**Aim of the task**. Given these entries, repeat exactly the lines starting with the one that has "Den högsta dieselandelen" and going on through the one that has "Вид сверху дорожек", both included, but none of the pictures.

START Data supplied

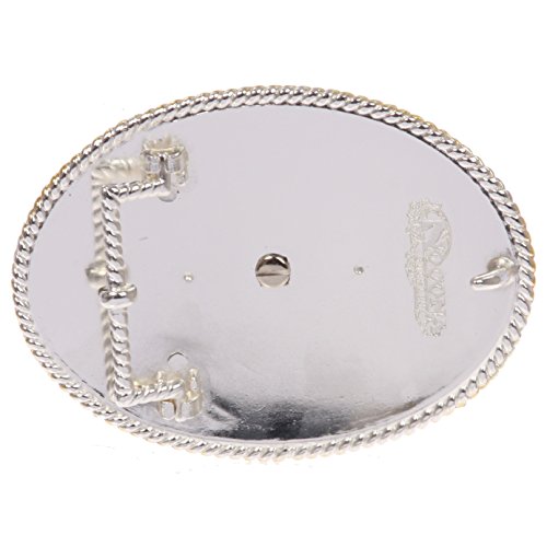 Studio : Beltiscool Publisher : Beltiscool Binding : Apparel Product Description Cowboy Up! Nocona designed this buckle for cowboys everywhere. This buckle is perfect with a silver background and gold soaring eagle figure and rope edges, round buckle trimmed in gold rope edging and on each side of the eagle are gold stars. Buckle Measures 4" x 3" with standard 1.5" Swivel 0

END Data supplied
START Data supplied

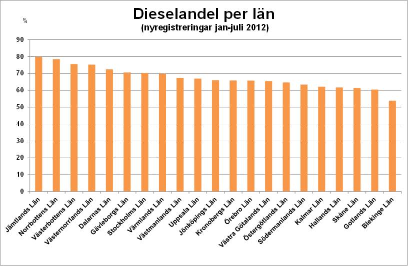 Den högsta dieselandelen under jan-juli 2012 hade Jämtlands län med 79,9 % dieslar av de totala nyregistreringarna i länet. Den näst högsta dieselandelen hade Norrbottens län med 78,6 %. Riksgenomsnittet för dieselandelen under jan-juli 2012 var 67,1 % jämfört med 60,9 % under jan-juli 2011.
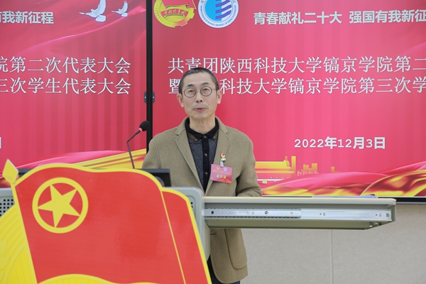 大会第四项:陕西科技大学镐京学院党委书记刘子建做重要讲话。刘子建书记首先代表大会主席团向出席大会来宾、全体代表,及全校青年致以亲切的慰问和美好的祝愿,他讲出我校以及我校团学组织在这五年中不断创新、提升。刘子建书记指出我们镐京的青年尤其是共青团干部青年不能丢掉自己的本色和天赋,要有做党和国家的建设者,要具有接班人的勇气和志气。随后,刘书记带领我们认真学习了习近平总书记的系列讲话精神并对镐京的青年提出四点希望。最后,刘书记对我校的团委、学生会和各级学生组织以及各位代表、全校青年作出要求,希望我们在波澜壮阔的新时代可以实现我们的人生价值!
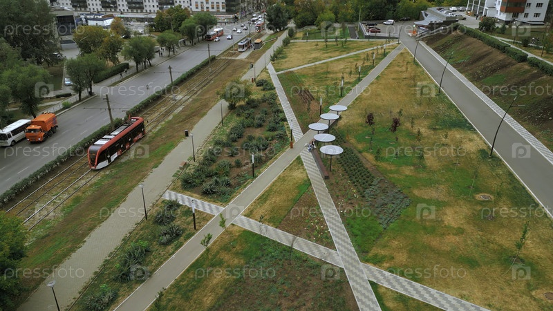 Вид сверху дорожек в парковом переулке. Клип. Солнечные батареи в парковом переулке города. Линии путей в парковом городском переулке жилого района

END Data supplied
START Data supplied

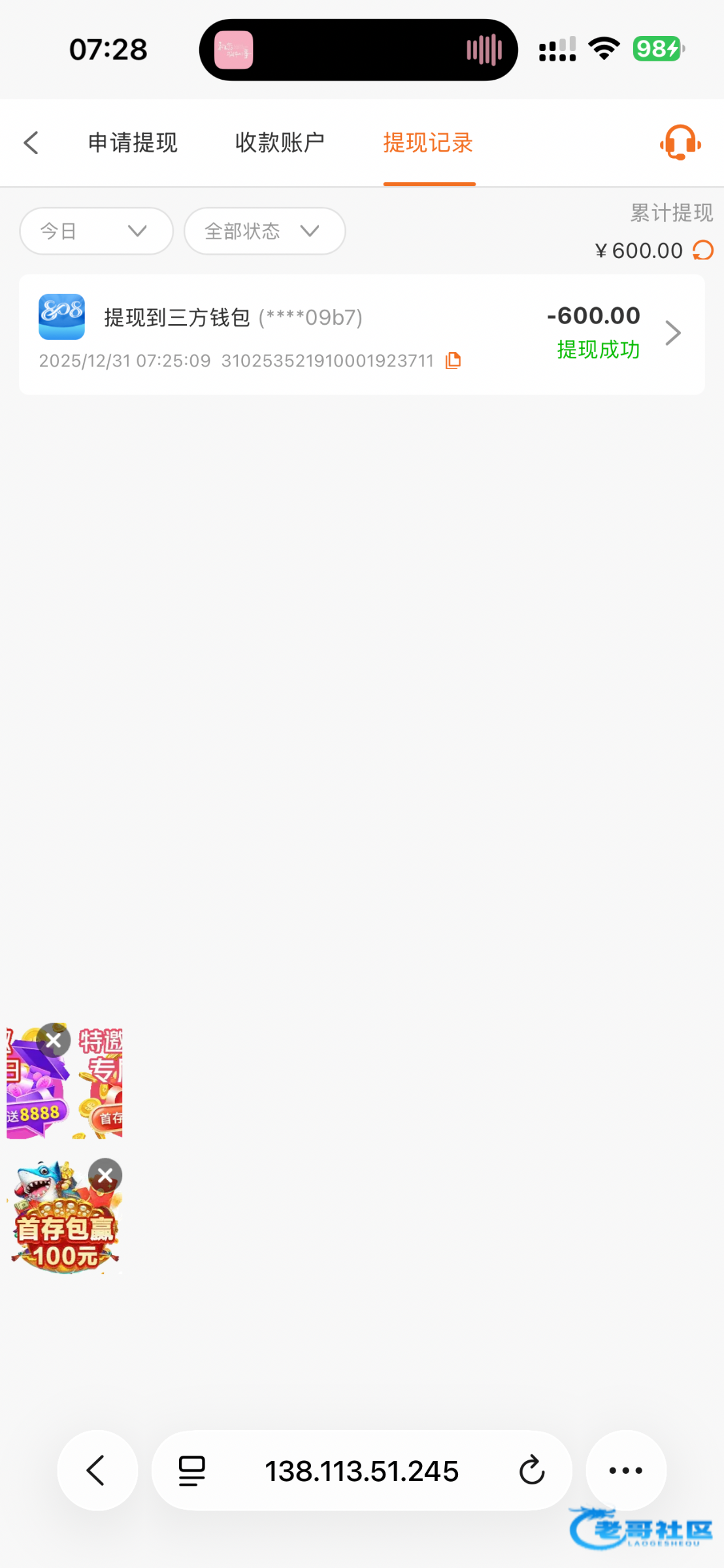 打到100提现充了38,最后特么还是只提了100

END Data supplied

**Exercise output**.
 Den högsta dieselandelen under jan-juli 2012 hade Jämtlands län med 79,9 % dieslar av de totala nyregistreringarna i länet. Den näst högsta dieselandelen hade Norrbottens län med 78,6 %. Riksgenomsnittet för dieselandelen under jan-juli 2012 var 67,1 % jämfört med 60,9 % under jan-juli 2011.
 大会第四项:陕西科技大学镐京学院党委书记刘子建做重要讲话。刘子建书记首先代表大会主席团向出席大会来宾、全体代表,及全校青年致以亲切的慰问和美好的祝愿,他讲出我校以及我校团学组织在这五年中不断创新、提升。刘子建书记指出我们镐京的青年尤其是共青团干部青年不能丢掉自己的本色和天赋,要有做党和国家的建设者,要具有接班人的勇气和志气。随后,刘书记带领我们认真学习了习近平总书记的系列讲话精神并对镐京的青年提出四点希望。最后,刘书记对我校的团委、学生会和各级学生组织以及各位代表、全校青年作出要求,希望我们在波澜壮阔的新时代可以实现我们的人生价值!
 Вид сверху дорожек в парковом переулке. Клип. Солнечные батареи в парковом переулке города. Линии путей в парковом городском переулке жилого района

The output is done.